A. Gégout-Petit participated to the jury of the Phd defense of Neska El Haouij, Université de Paris-Saclay, July 2018.
A. Gégout-Petit participated to the jury of the Phd defense of Lucien Bacharach, Université de Paris-Saclay, September 2018.
A. Gégout-Petit was reviewer and participated to the jury of the Phd defense of Maxime Redondin, Université Paris-Est, December 2018.
A. Gégout-Petit participated to the jury of the Phd defense of Aurélie Marton, Université Lorraine, December 2018.

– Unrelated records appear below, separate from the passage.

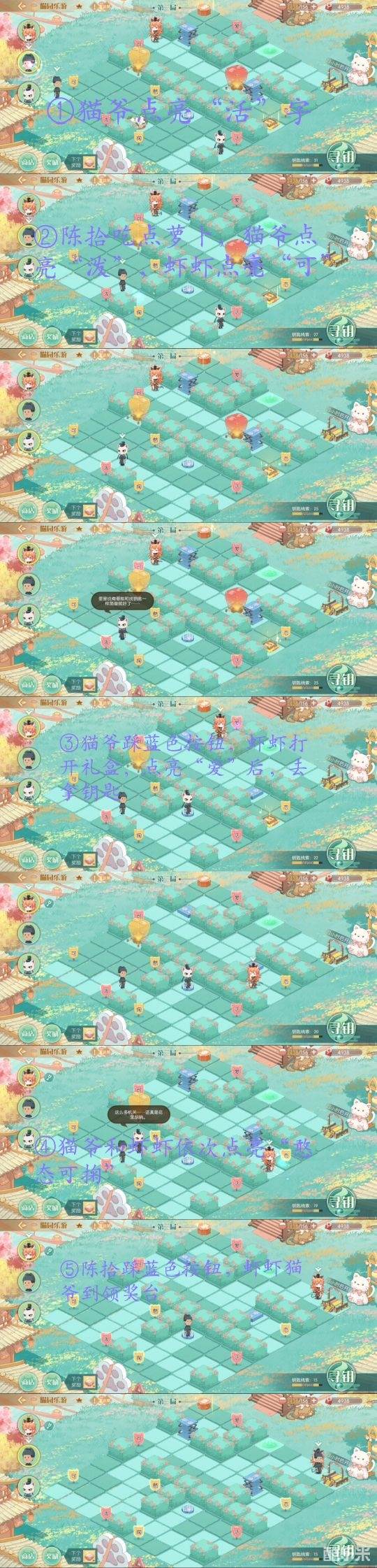 3.猫爷踩蓝色按钮,虾虾打开礼盒,点亮“爱”后,去拿钥匙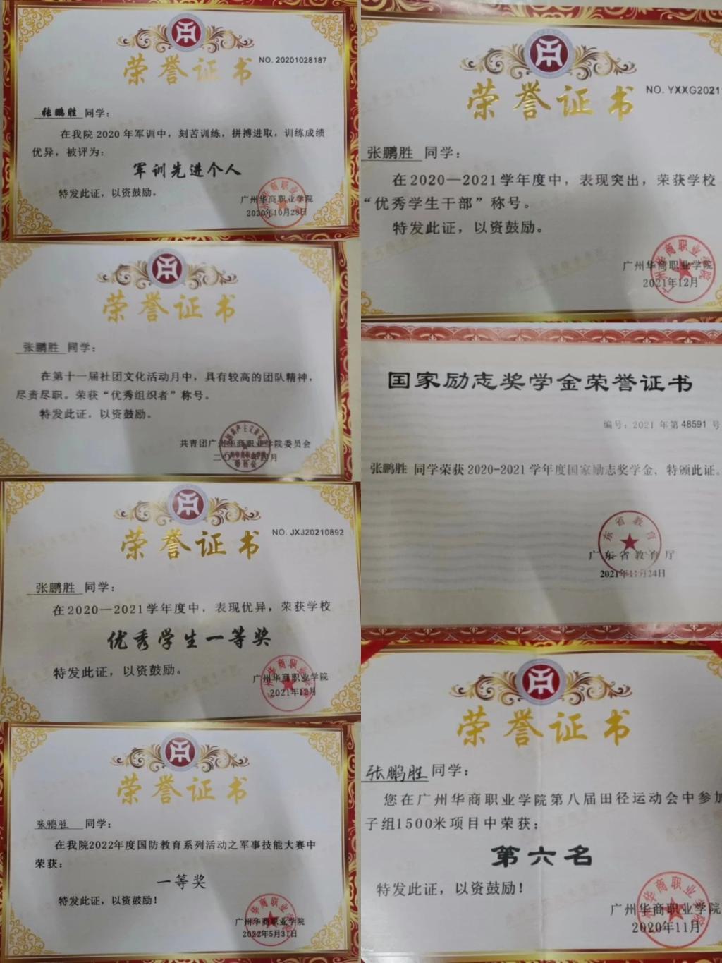 1、2020年10月获“军训先进个人”称号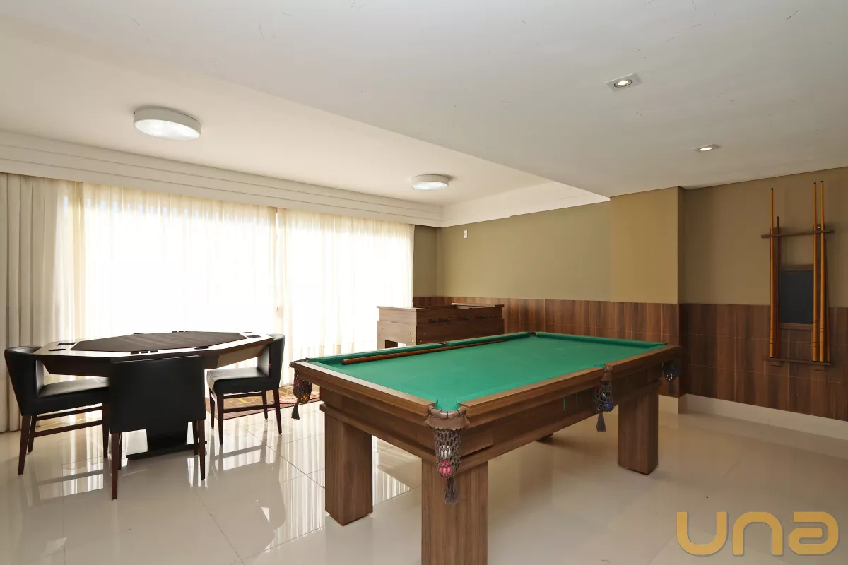 Salão de festas, salão gourmet e salão de jogos.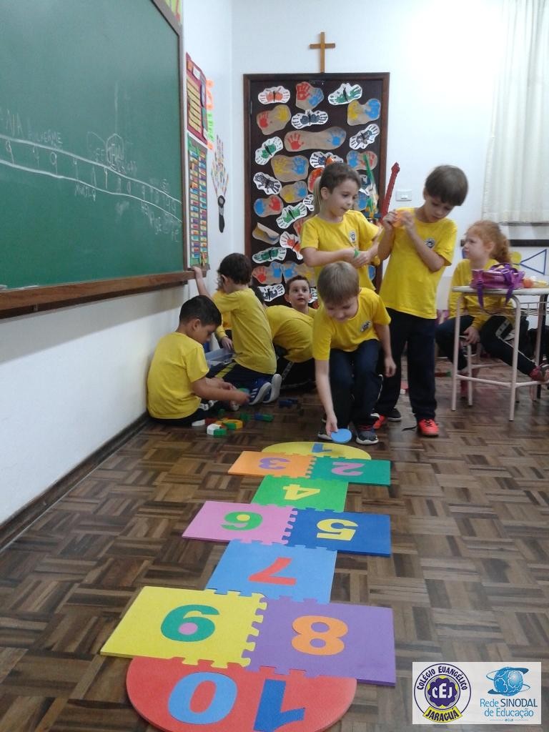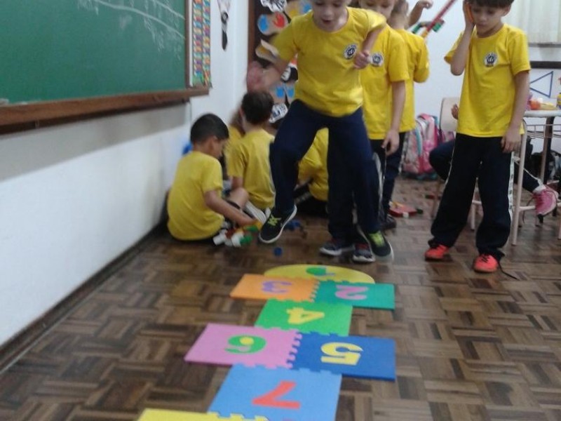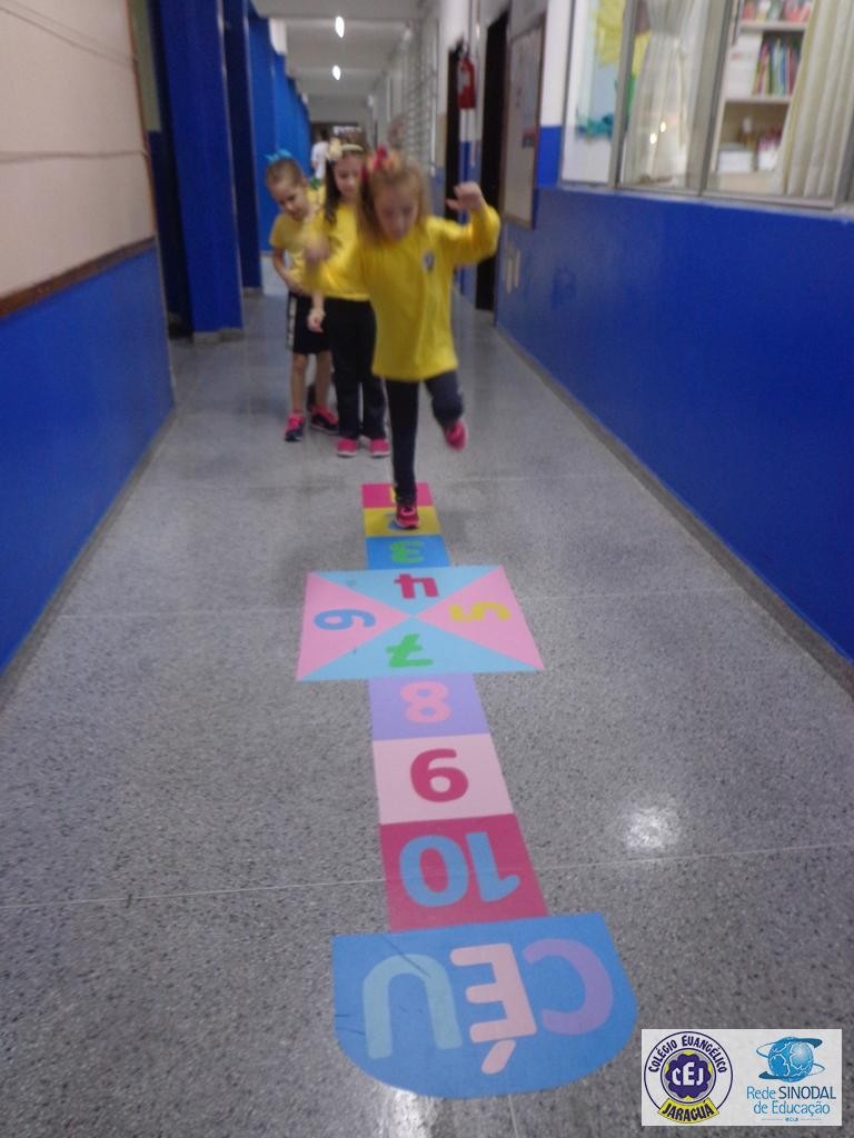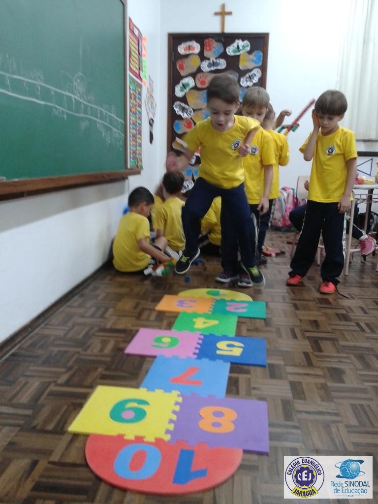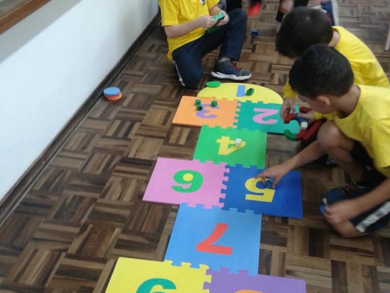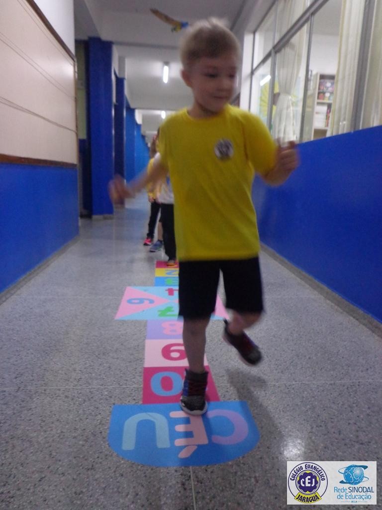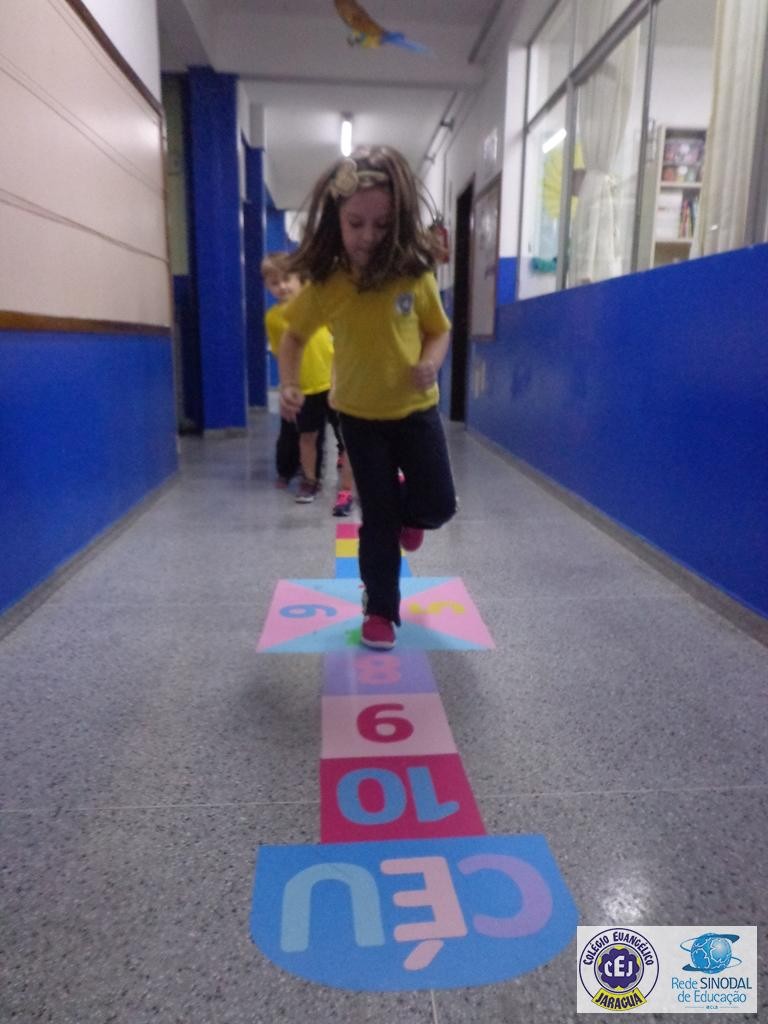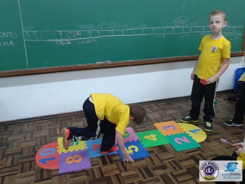 Mais notíciasBrincando, as crianças constroem sentido para o mundo, desenvolvem ideias e habilidades e ainda compreendem conceitos relacionados a cada vivência. Pensando nisso, os alunos do Infantil V B, durante os meses de abril e maio, estão explorando o jogo da Amarelinha com o objetivo de apropriar-se da sequência numérica, da grafia dos números, da quantidade correspondente de cada número. Além disso diversas habilidades são desenvolvidas: o controle corporal ao não pisar na linha, a força muscular ao dar saltos, a orientação espacial ao respeitar os limites da casinha, a coordenação óculo-manual ao lançar a pedrinha, coordenação motora fina ao pegar a pedrinha, o equilíbrio ao ficar em um pé só. As atividades também fortalecem o vínculo de amizade sem deixar de ser uma grande brincadeira.

A. Gégout-Petit was reviewer and participated to the jury of the HDR defense of Frédéric Bertrand, Université de Strasbourg, December 2018.
JM Monnez was advisor and participated to the jury of the PhD defense of Kévin Duarte, December 2018.
Bruno Scherrer was reviewer and participated to the jury of the Phd defense of Anna Harutyunyan, at Vrije Universiteit, Bruxelles, March 2018.
S. Ferrigno: Advisor of a group of students (EEIGM), "La main à la Pâte" project, elementary schools, Nancy, January-June 2018
S. Ferrigno: Advisor of a group of students (EEIGM), "La main à la Pâte" project, Institut médico-éducatif (IME), Commercy, September-December 2018
S. Ferrigno: Advisor of a group of students (EEIGM), "Utilisation de la technologie dans la médecine" Cgénial project, Collège Paul Verlaine, Malzéville, December 2018-February 2019.
S. Ferrigno: Advisor of a group of students (EEIGM), "Le cartable connecté" Cgénial project, Collège de la Craffe, Nancy, December 2018-February 2019.